Keep Free Speech Alive on Campus

On campuses across the country, including the most prestigious higher education institutions, Arab and Muslim students report disturbing incidents of intimidation and efforts to silence political speech. PNS contributors Mitra Ebadolahi, Rita Hamad and Shadi Hamad insist that universities must remain safe places for political expression. The three are undergraduates at the University of California, Los Angeles, Harvard University and Georgetown University, respectively.

American college and university campuses have long been vibrant places for personal and political expression. But since Sept. 11, 2001, students of Middle Eastern descent, ourselves included, have encountered increasing hostility toward our right to speak to politically controversial matters.

It’s a troubling extension of the post-Sept. 11 climate, where intimidation, hate crimes and a loss of basic civil liberties have become pervasive realities for Arabs and Muslims in America.

All of us know young Muslim women who for days and even weeks would not venture outside their dorms because they wear hijab (an Islamic head covering) and felt they would be targeted. For them, the scoffing comments or annoyed stares have simply become too much to bear. All of us also know international students from the Middle East who have pulled out of their courses to return home due to a sense of being no longer welcome here.

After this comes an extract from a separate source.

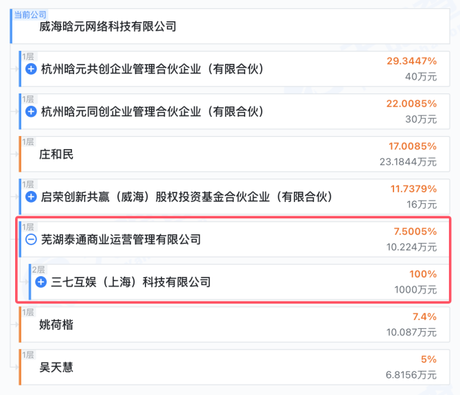 几乎在同一时段,三七互娱的另一笔投资也被悄然曝光。天眼查资料显示,三七互娱旗下公司芜湖泰通商业运营管理有限公司于近期入股了威海晗元网络,持股约7.5%。

When criticizing U.S. foreign policy, we too have been told to “Go back home,” despite the fact that we are American citizens.

We are not alone in this tense political atmosphere. As the controversy grows over the Israel-Palestine conflict, Jewish students at colleges across the country have suffered a number of ugly incidents due to their religion and stance on Israel. At the University of Colorado, there were reports of swastikas painted at a booth set up by a Jewish student organization. At the University of California, Berkeley, a brick was thrown through a glass door at the Jewish Hillel center. Such actions are absolutely intolerable.

Recently, 300 college presidents signed a letter purporting to call for “intimidation-free campuses.” Who could possibly oppose the reaffirmation of our universities as safe-havens for open, free and critical debate?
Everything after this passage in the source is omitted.